Murderer with previous conviction for killing own father has punishment part reduced on appeal

A man who was sentenced to life imprisonment after being found guilty of murder and attempting to defeat the ends of justice has had the punishment part of the sentence reduced following an appeal.

David Collins, who was previously jailed for five years after being convicted of the culpable homicide of his own father, was sentenced to a minimum custodial period of 26 years for the murder of Kevin Bishop, beheading the deceased and dismembering the victim’s body.

But the High Court of Justiciary Appeal Court reduced the punishment part to 22 years after ruling that the trial judge failed to follow the correct approach to sentencing in such cases.

‘Despicable and sickening’

The Lord Justice Clerk, Lady Dorrian, sitting with Lord Menzies and Lord Turnbull, heard that the appellant was sentenced on 17 May 2019 following a trial at the High Court in Glasgow for what the trial judge described as a “motiveless killing”.

The “despicable and sickening” murder was committed with a machete and thereafter he dismembered the deceased’s body before disposing of the body parts in various rubbish bins, but only the victim’s torso was recovered.

The court was also told that the appellant had previous convictions for violence including the culpable homicide of his father in 2002, for which he sentenced to five years’ imprisonment.

The trial judge indicated that had the murder charge stood alone the punishment part would have been 21 years, but that was “a lower figure” selected because the trial judge intended to add a “significant element” for attempting to pervert the course of justice, but did not identify what that figure would have been.

The trial judge considered that a sentence of 10 years would have been appropriate for the remaining part of the indictment and increased the punishment part to reflect the period of such a sentence which would have accounted for “retribution and deterrence”.

The appellant challenged the sentence imposed, and the appeal judges reduced the punishment part by four years.

‘Correct approach’

The judges explained that the “correct approach” to sentencing in a case such as this was identified in Chalmers v HM Advocate (No 1) 2014 JC 220, which does not provide for a reduction in the element of the punishment part allocated to the murder to reflect a consequent increase for additional charges on the indictment.

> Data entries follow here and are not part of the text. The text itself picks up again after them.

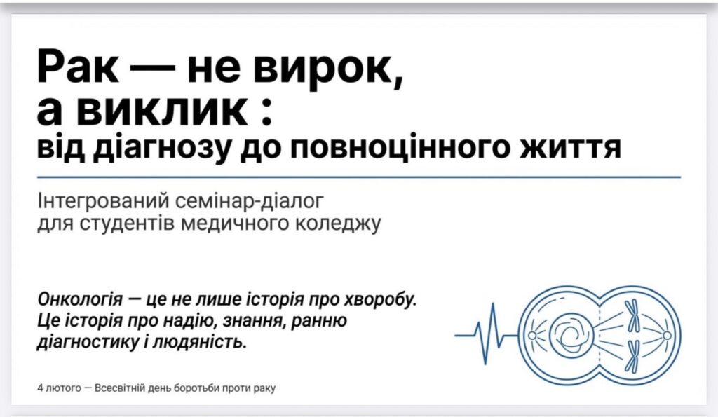 До Всесвітнього дня боротьби проти раку у нашому закладі було проведено інтегрований семінар-дискусія «Рак – не вирок, а виклик: від діагнозу до повноцінного життя».
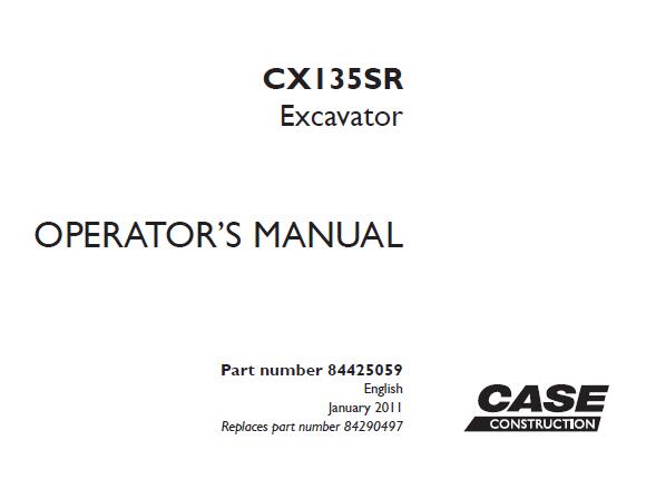 DOWNLOAD COMPLETE OPERATORS MANUAL FOR CASE CX135SR EXCAVATOR - PDF FILE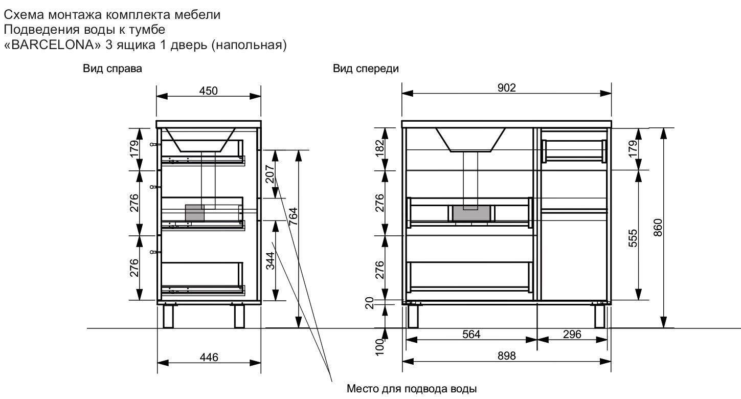 Напольная тумба под раковину Эстет Barcelona ФР-00003580 Л 90см три ящика одна дверь купить

What the court requires to do is first, decide whether the additional charge should be included in the punishment part.

Having decided that it should, the trial judge should then “make an overall judgment having regard to the punishment part that would have been appropriate if the murder stood alone; the element of retribution and deterrence attributable to the conviction on the lesser charge; and the loss of the opportunity for early release that an independent sentence on that charge would have given”.

This exercise, the judges added, also involved the application of the “totality principle”.

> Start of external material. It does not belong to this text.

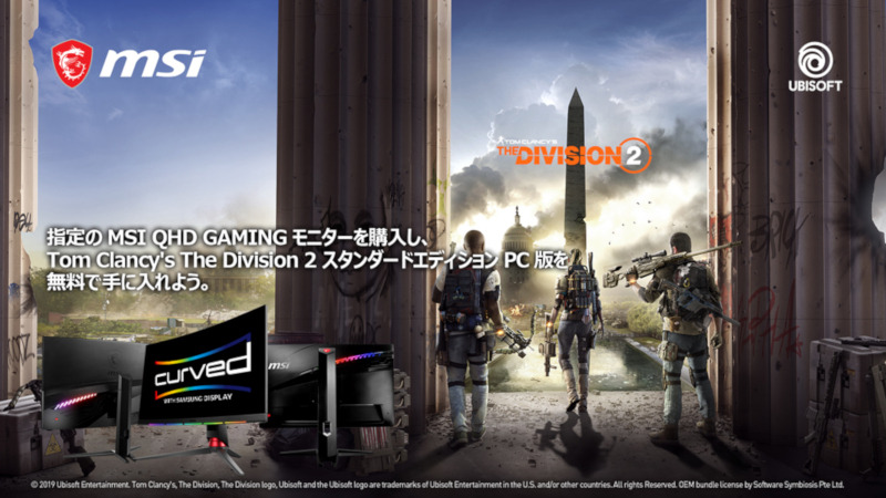 MSI製ゲーミング液晶購入でThe Division 2がもらえるキャンペーン

Delivering the opinion of the court, the Lord Justice Clerk said: “In our view the approach of the trial judge did not accord with that identified in Chalmers. The circumstances of Chalmers are of particular relevance, the appellant, having a prior conviction for murder.

“He was convicted of the murder of a vulnerable young woman not previously known to the appellant in a violent assault (described by the trial judge as a ‘depraved and dreadful crime’), and attempting to defeat the ends of justice by cutting up the body and hiding the remains for over a year, resulting in a punishment part of 23 years, three of which was attributed to the latter aspect of the indictment.

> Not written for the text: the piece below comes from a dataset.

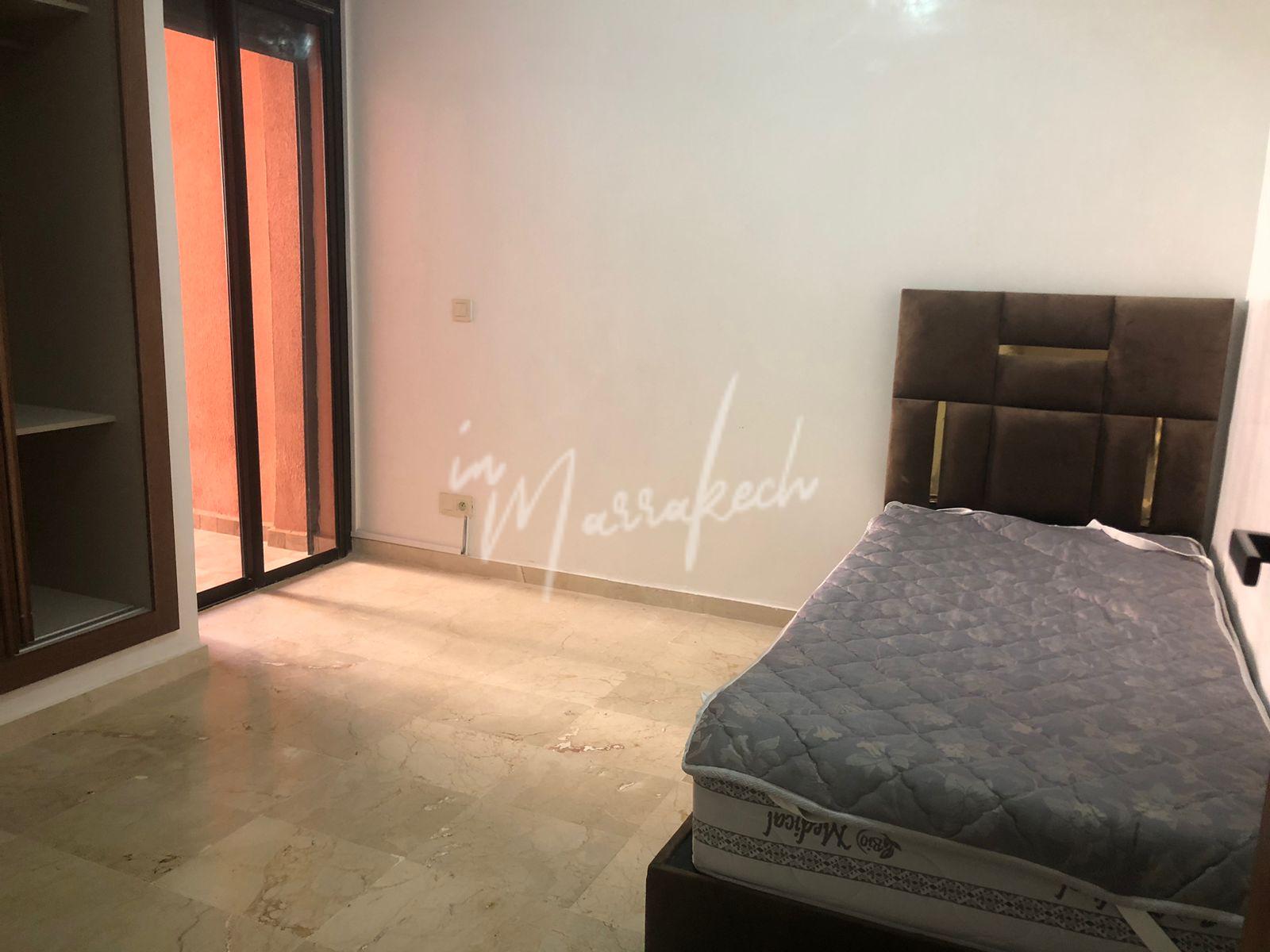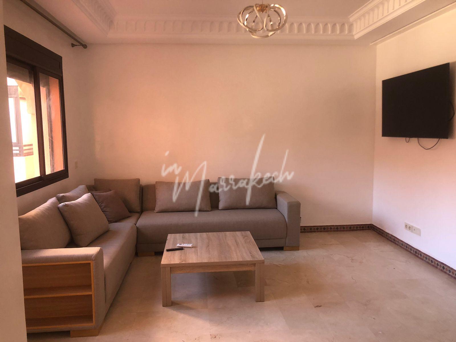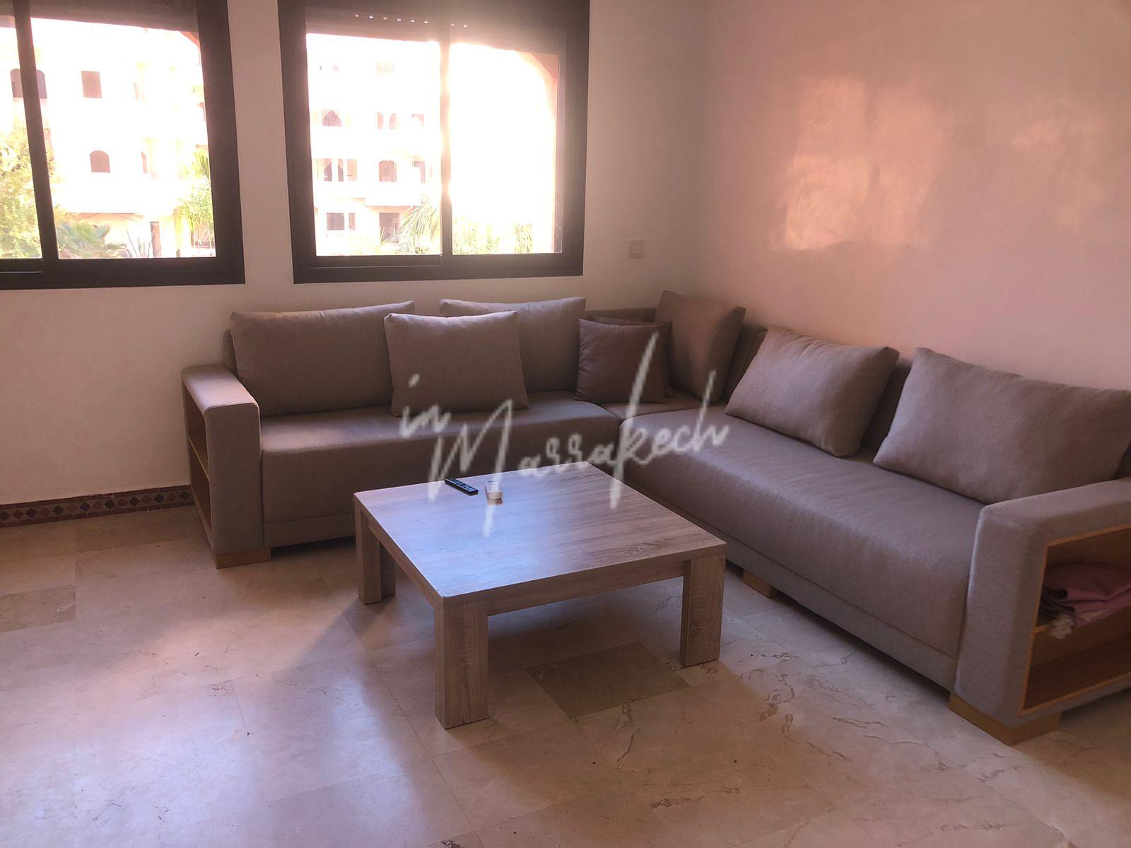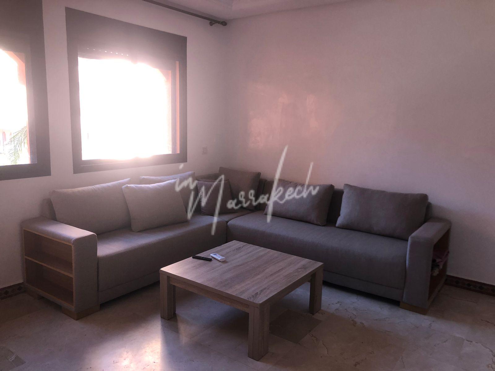 Description : Votre agence immobilière InMarrakech à le plaisir de vous proposer un appartement situé au 1e étage dans une résidence avec piscine comprenant une entrée, salon avec cheminée et petite terrasse une cuisine équipée, une chambre pour parent et une chambre enfant, salle d’eau.

“Given that the appellant in Chalmers had a prior conviction for murder, it is difficult to see that a sentence in excess of that imposed there would be merited.”

Lady Dorrian concluded: “In our view, taking an overall judgment reflecting all the relevant factors, we consider that an appropriate punishment part would be 22 years, of which three years would be attributable to the second charge, on which the concurrent sentence will be six years.”